### WHAT YOU ARE ASKED TO DO
Retype every line of the data below, starting with the first and ending with the line that contains "Pavimento Térreo composto", but leave out the pictures.

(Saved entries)

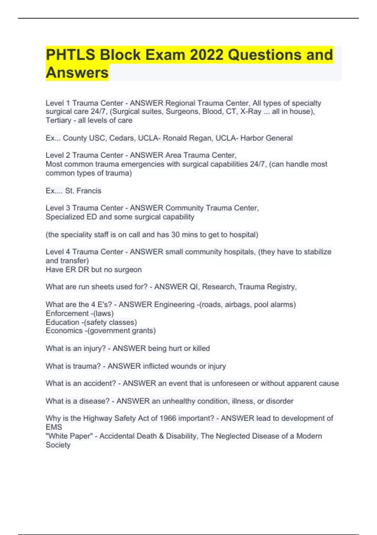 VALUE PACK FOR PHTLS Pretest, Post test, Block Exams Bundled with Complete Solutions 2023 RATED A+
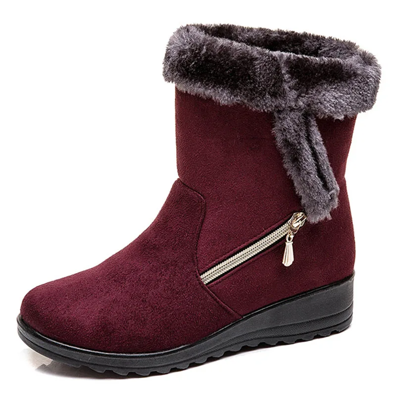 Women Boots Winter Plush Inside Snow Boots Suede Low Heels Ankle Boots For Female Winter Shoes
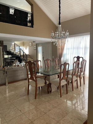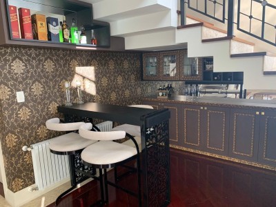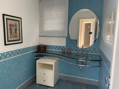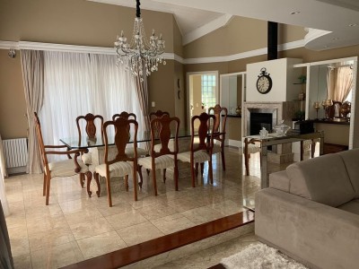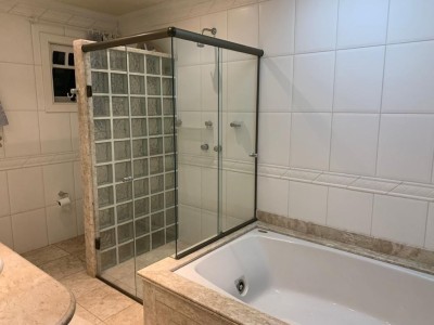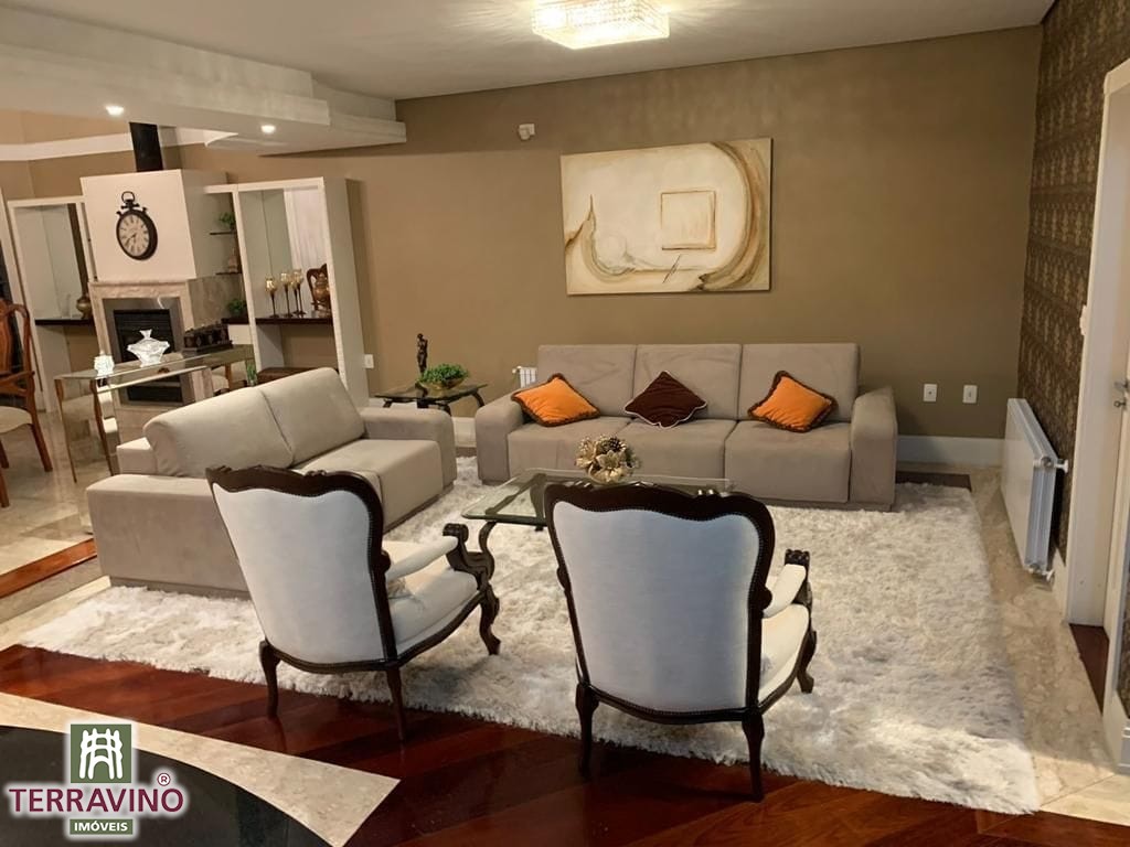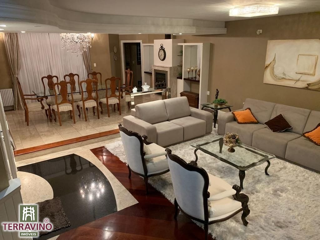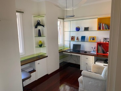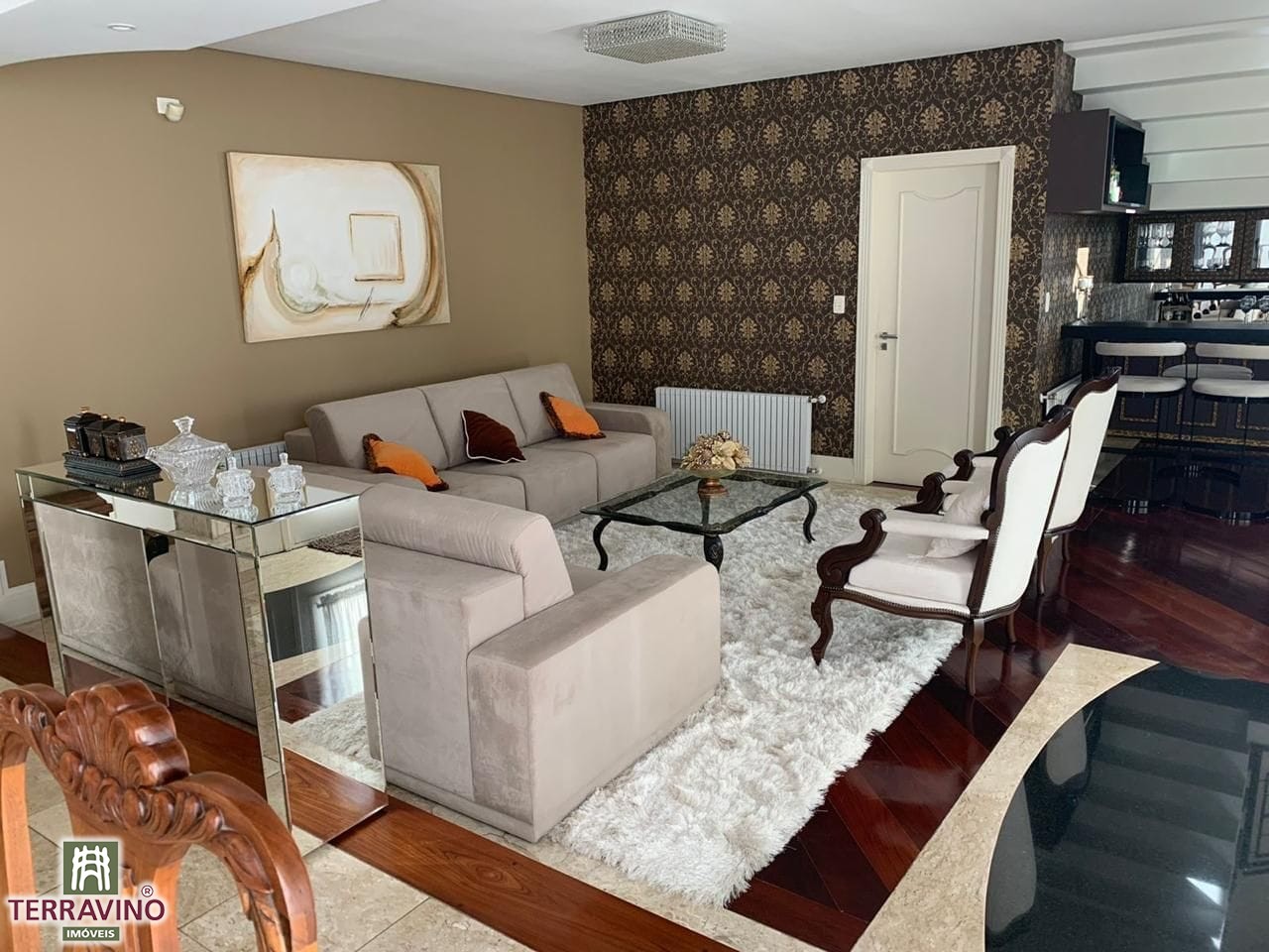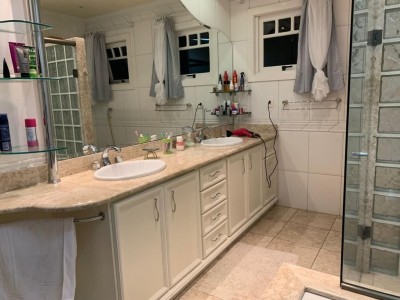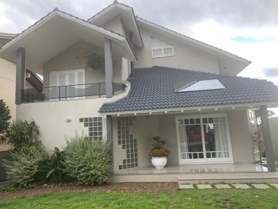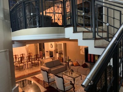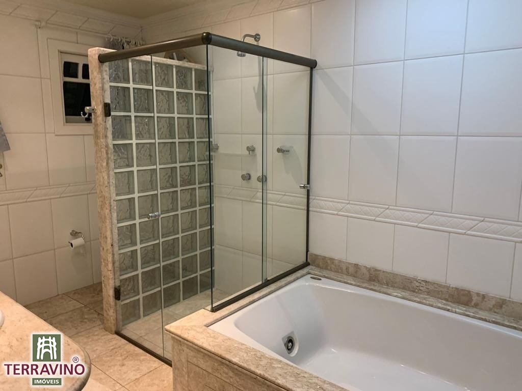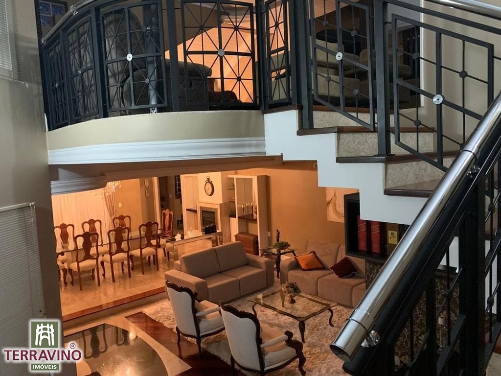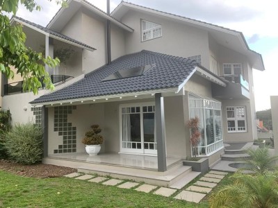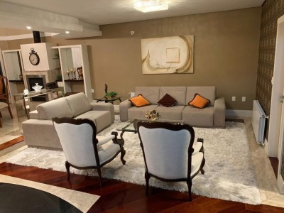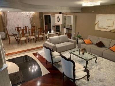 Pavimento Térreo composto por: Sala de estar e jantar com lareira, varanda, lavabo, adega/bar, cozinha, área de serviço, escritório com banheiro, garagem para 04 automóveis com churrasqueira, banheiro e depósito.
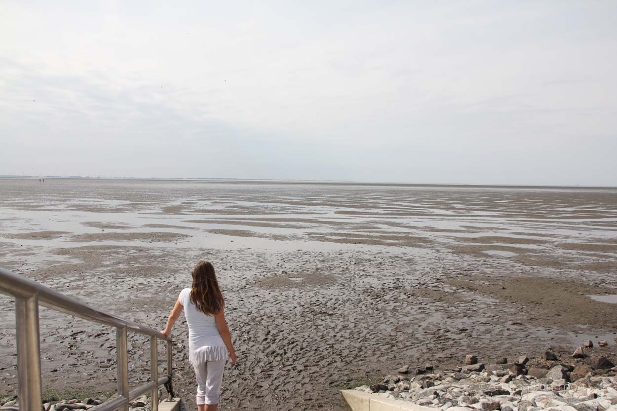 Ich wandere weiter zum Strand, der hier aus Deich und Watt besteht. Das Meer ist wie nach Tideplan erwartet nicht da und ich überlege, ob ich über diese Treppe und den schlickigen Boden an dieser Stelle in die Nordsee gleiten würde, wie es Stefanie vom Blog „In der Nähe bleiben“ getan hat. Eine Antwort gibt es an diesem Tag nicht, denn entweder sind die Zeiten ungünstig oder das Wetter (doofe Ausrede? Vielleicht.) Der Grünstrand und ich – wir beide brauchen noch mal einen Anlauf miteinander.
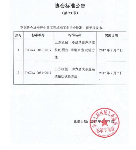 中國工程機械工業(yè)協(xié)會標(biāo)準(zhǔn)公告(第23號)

### EXPECTED ANSWER
 VALUE PACK FOR PHTLS Pretest, Post test, Block Exams Bundled with Complete Solutions 2023 RATED A+
 Women Boots Winter Plush Inside Snow Boots Suede Low Heels Ankle Boots For Female Winter Shoes
 Pavimento Térreo composto por: Sala de estar e jantar com lareira, varanda, lavabo, adega/bar, cozinha, área de serviço, escritório com banheiro, garagem para 04 automóveis com churrasqueira, banheiro e depósito.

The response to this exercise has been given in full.